Calling time after half a century’s service
An industry stalwart of nearly 50 years closed the workshop door behind him for the last time this week. We caught up with Mick Hunn, stores controller at East Bilney Coachworks, Great Yarmouth, to find out what’s changed in the past half century.
Mick started work back in 1966. The Beatles and Frank Sinatra topped the charts that year, the average house in the UK was £2,530 and a season ticket to Manchester United was the princely sum of £8.50.
A lot has changed since then.
Mick said, ‘I started at a general engineering garage working on anything that had an engine in it or needed bodywork repairing. It was called JR Pitchers in Great Yarmouth. That’s where I served my apprenticeship and it’s still going today.
‘I still remember my first day. I’d just left school and was a young lad, just 15. I got there really early and stood outside waiting for them to open up. I was anxious and ready to go with my overalls and new boots on.
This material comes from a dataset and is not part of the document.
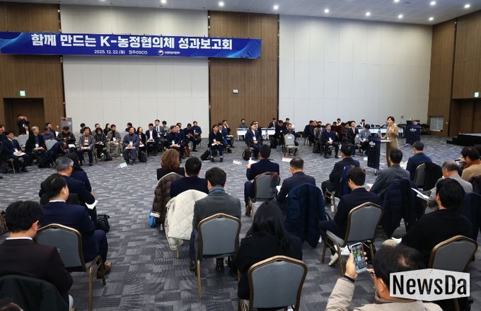 뉴스다 최광묵 기자 | 농림축산식품부는 12월 22일 오후 청주오스코(OSCO)에서 '함께 만드는 K-농정협의체' 성과보고회를 개최했다. 이번 행사에는 K-농정협의체 공동대표인 송미령 농식품부 장관과 류진호 한국4-H청년농업인연합회 회장을 비롯한 협의체 위원 120여 명과 농어업농어촌특별위원회 김호 위원장을 포함한 관계자 30여 명 등 총 150여 명이 참석했다.
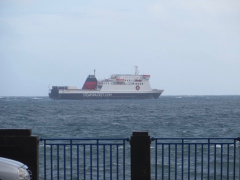 Wir warten auf die Manannan der Steam-Packet Company. Als das Schiff endlich da ist, gehen die angekommenen Fuss-Passagiere (die Mehrheit der Passagiere sind mit dem Auto unterwegs) zum Terminal, wo wir warten.

‘When they arrived they asked if I was the new lad. I told them I was and they said my most important job first of all was going to the cafe to get the teas. That was my first job every morning for a few years, getting the teas in before they started at 8am.’
Mick went on to work at Ford and Volvo dealerships, either side of a year on oil rigs, before joining the garage where he’s now worked for 33 rewarding years.
‘Learning has been an ongoing process because the industry has changed immensely in that time, especially over the last 10-15 years. It’s completely unrecognizable.’
It was called King Street Motors back then, but while the name has changed – to Warwick Schubrook then to Thurlow Nunn and most recently to East Bilney Coachworks – Mick has remained constant, employed at the site variously as manager, workshop controller, estimator and stores controller.
But, he admits, he never expected to stay so long.
He said, ‘A friend asked me to help organise the workshops at King Street Motors, where his brother was the manager. I expected to come here for 18 months then go back to what I was doing.
‘But I got into estimating and bodywork and I never looked back. I never left.
‘David Leighton was the manager then and I learnt so much from him. He taught me all there was to know about bodywork and body shops.
‘I’ve been here 33 years now and learning has been an ongoing process because the industry has changed immensely in that time, especially over the last 10-15 years. It’s completely unrecognizable.’
Car safety is one area which Mick thinks has progressed in leaps and bounds.
He said, ‘The construction of the cars is much safer now in my opinion. There’s no comparison between a car now and car even from the late 1990s.
‘We went to a Vauxhall course a couple of years ago and they showed us films of cars hitting walls. They were comparing Chevrolets and the new Omegas and you’d think a great big, long-bonneted Chevrolet would withstand the impact better, but it absolutely collapsed compared to the new cars.
‘That’s been the biggest change I’ve seen, the bonding of panels. You started getting the high stress steels and the pillars behind the panels and the seals. It only started to kick in about seven or eight years ago but it’s made a vast difference.’
Mick continued, ‘The technical side of the industry is incredible too. With computers and everything electrical, there is so much for the guys in the shops to learn these days to do the job professionally and competently. Everything is so complex you have to take your hat off to them.’
After such long service, Mick could be forgiven for rushing into retirement without a backwards glance. Instead, he’s excited about where his industry is heading and is even slightly envious of colleagues still in the foothills of their careers.
‘The industry is alive and buzzing now,’ he said. ‘With electric cars and all the development taking place, it’s very exciting. It’s a shame really that I’m getting a bit old to keep up!’
Final word goes to Chris Browne, body shop manager at East Bilney Coachworks, ‘Mick shares a vast knowledge and experience of the industry, and has been a fantastic, hard-working employee. He has given the business his all and is a credit both to the Accident Repair Industry and to East Bilney Coachworks.